··· Material provided

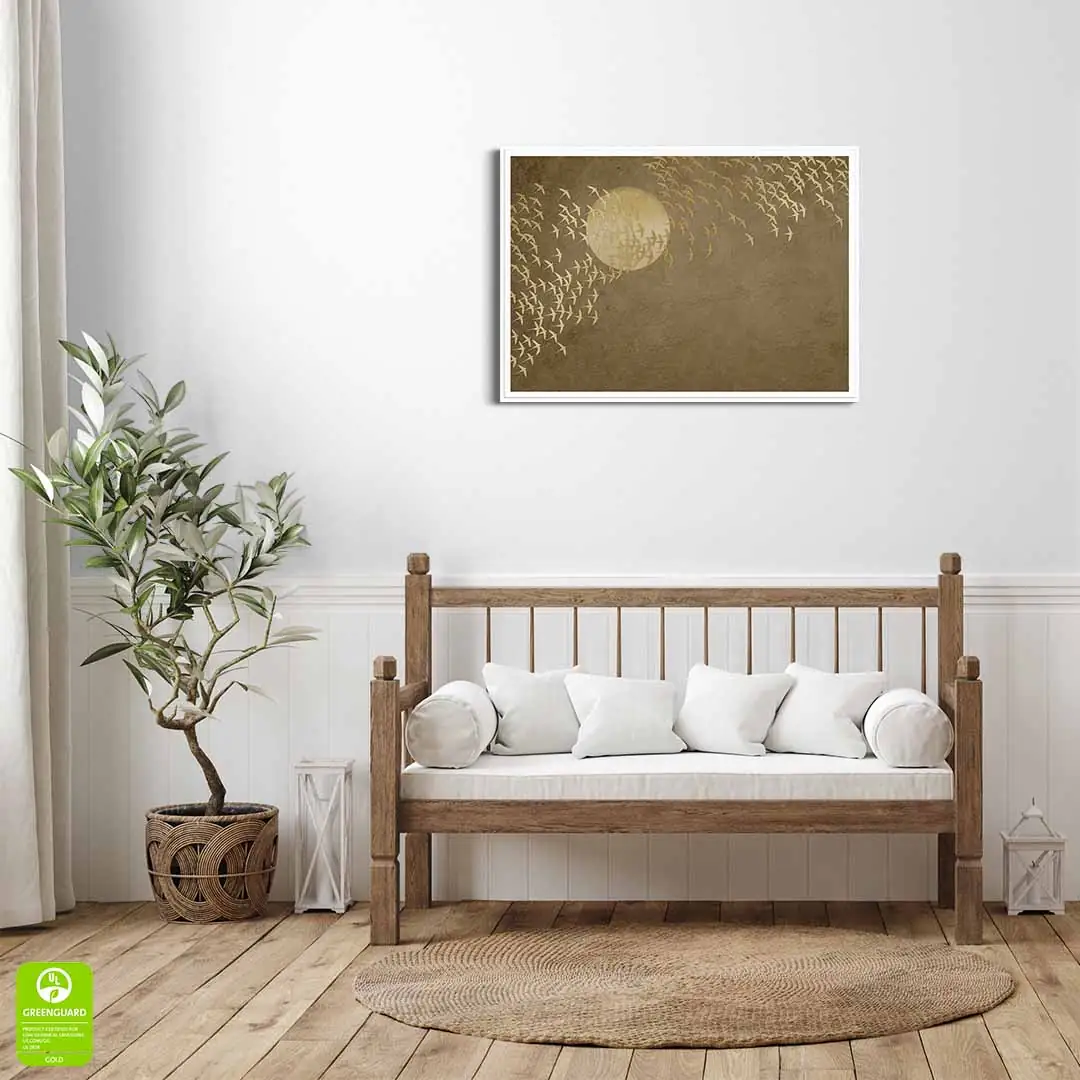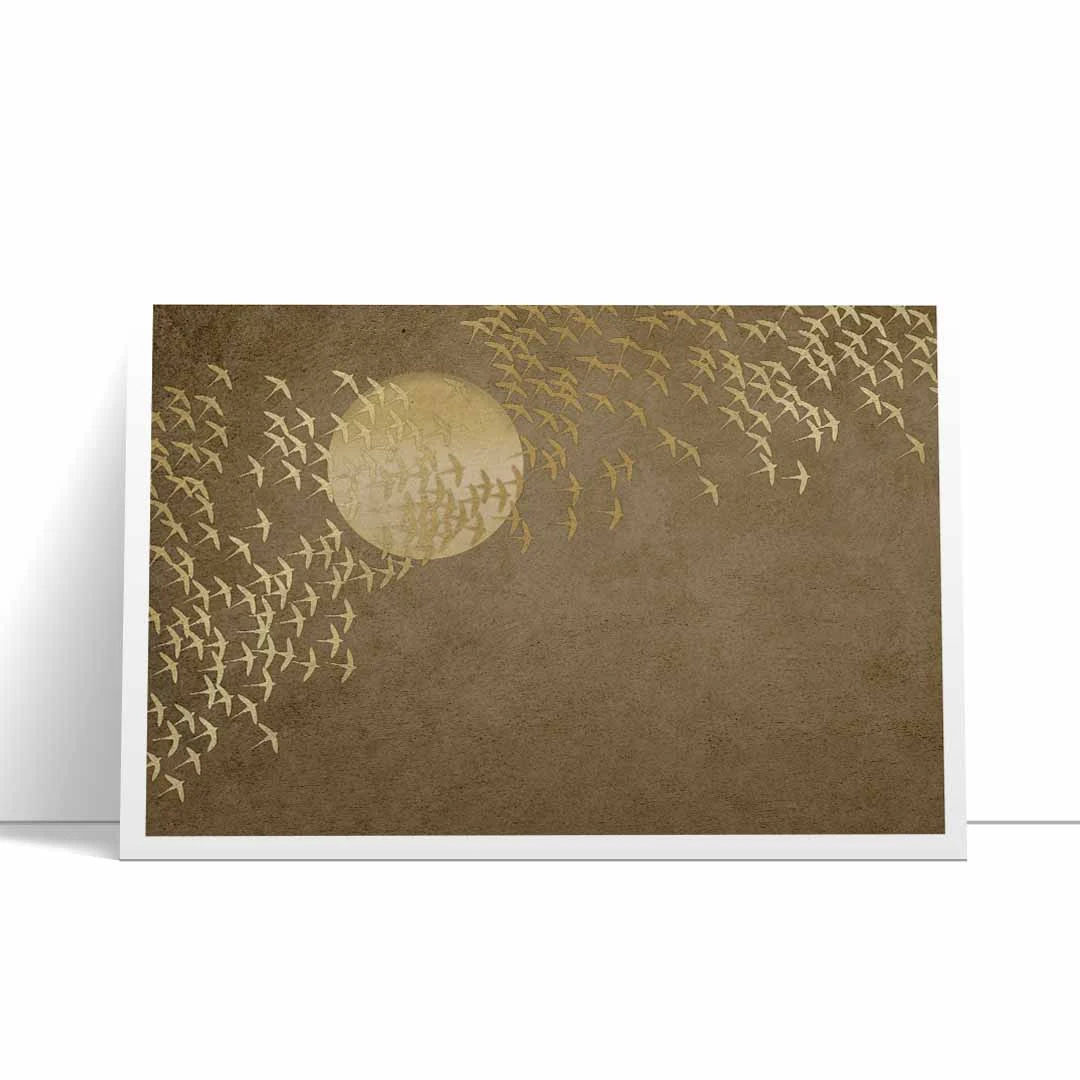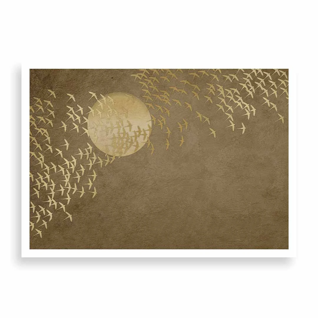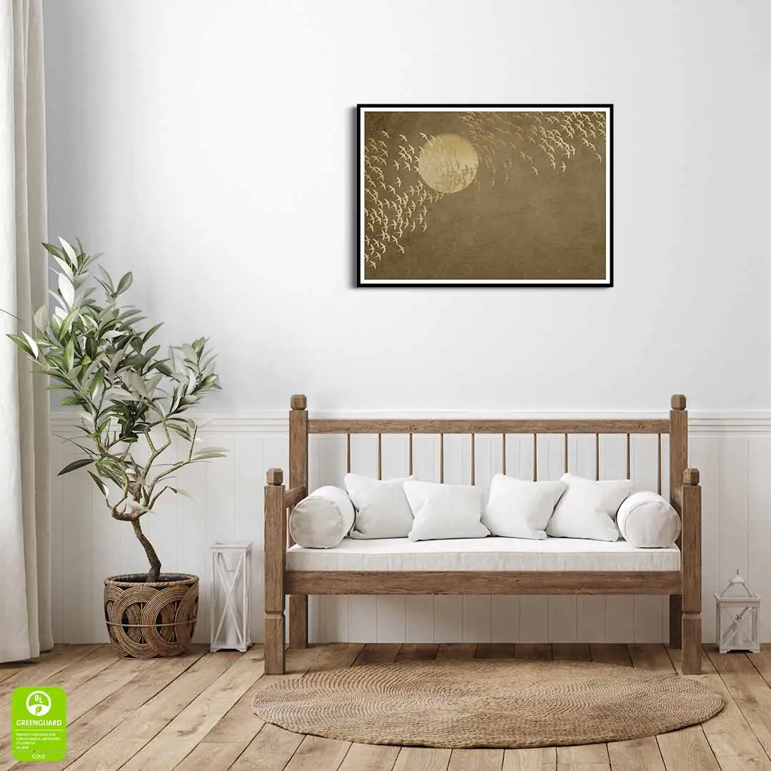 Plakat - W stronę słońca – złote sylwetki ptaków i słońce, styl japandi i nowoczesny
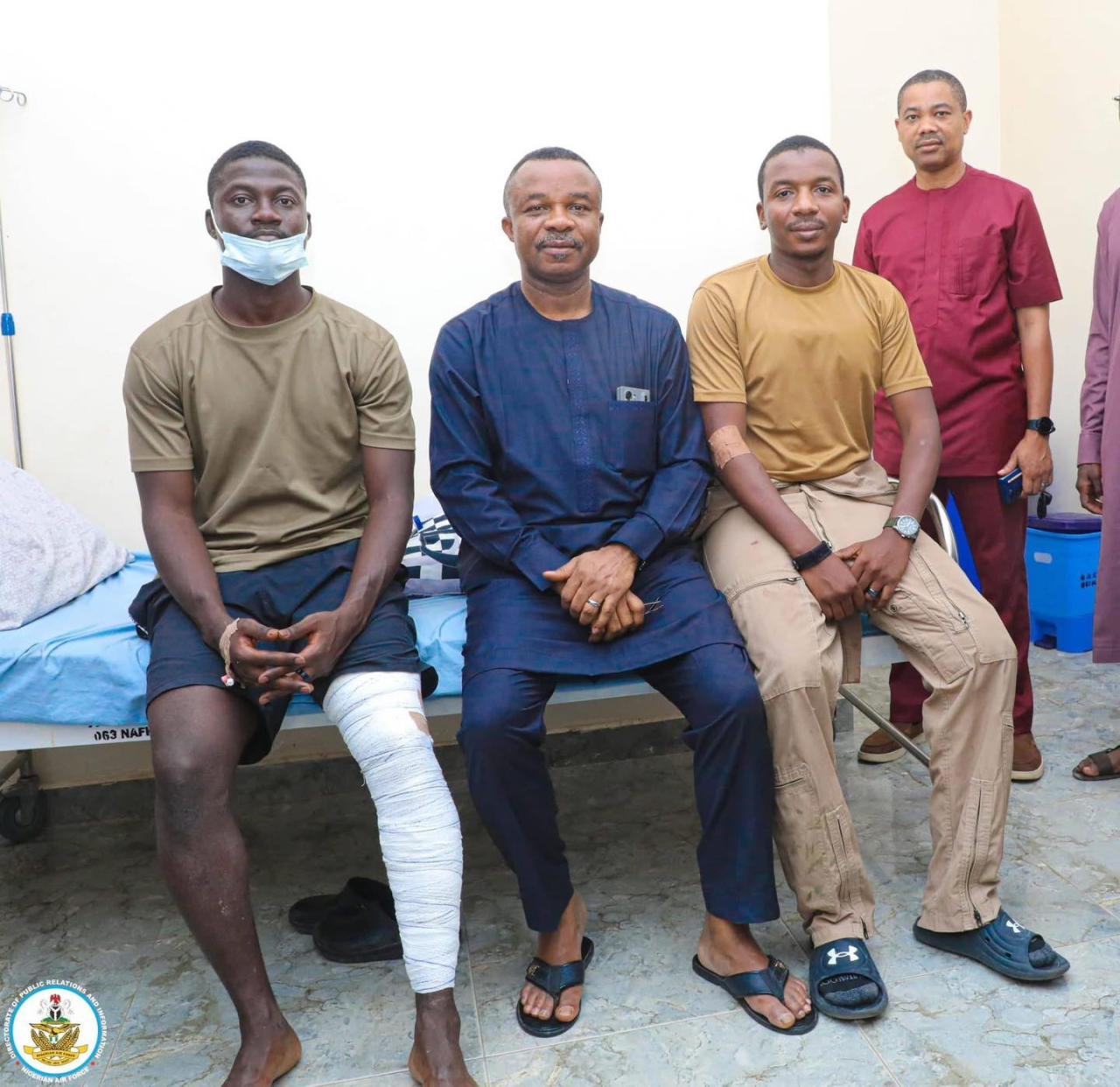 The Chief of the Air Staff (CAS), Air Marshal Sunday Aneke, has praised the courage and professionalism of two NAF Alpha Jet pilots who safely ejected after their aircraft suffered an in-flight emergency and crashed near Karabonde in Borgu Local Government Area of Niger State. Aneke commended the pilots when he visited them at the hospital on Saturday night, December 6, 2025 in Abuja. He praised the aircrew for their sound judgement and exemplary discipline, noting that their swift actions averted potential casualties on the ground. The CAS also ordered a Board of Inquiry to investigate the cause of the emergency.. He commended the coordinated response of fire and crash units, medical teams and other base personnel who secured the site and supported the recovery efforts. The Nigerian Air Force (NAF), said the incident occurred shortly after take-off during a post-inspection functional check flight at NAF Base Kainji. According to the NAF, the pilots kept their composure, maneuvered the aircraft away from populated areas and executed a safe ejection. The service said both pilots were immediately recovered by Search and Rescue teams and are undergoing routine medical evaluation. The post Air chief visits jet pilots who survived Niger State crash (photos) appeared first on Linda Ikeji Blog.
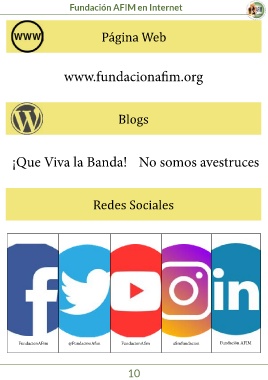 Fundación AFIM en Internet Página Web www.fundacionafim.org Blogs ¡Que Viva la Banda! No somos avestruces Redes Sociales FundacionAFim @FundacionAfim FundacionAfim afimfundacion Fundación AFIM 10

······

*The task:* Repeat the listing exactly; do not print any picture.

*Result:*
 Plakat - W stronę słońca – złote sylwetki ptaków i słońce, styl japandi i nowoczesny
 The Chief of the Air Staff (CAS), Air Marshal Sunday Aneke, has praised the courage and professionalism of two NAF Alpha Jet pilots who safely ejected after their aircraft suffered an in-flight emergency and crashed near Karabonde in Borgu Local Government Area of Niger State. Aneke commended the pilots when he visited them at the hospital on Saturday night, December 6, 2025 in Abuja. He praised the aircrew for their sound judgement and exemplary discipline, noting that their swift actions averted potential casualties on the ground. The CAS also ordered a Board of Inquiry to investigate the cause of the emergency.. He commended the coordinated response of fire and crash units, medical teams and other base personnel who secured the site and supported the recovery efforts. The Nigerian Air Force (NAF), said the incident occurred shortly after take-off during a post-inspection functional check flight at NAF Base Kainji. According to the NAF, the pilots kept their composure, maneuvered the aircraft away from populated areas and executed a safe ejection. The service said both pilots were immediately recovered by Search and Rescue teams and are undergoing routine medical evaluation. The post Air chief visits jet pilots who survived Niger State crash (photos) appeared first on Linda Ikeji Blog.
 Fundación AFIM en Internet Página Web www.fundacionafim.org Blogs ¡Que Viva la Banda! No somos avestruces Redes Sociales FundacionAFim @FundacionAfim FundacionAfim afimfundacion Fundación AFIM 10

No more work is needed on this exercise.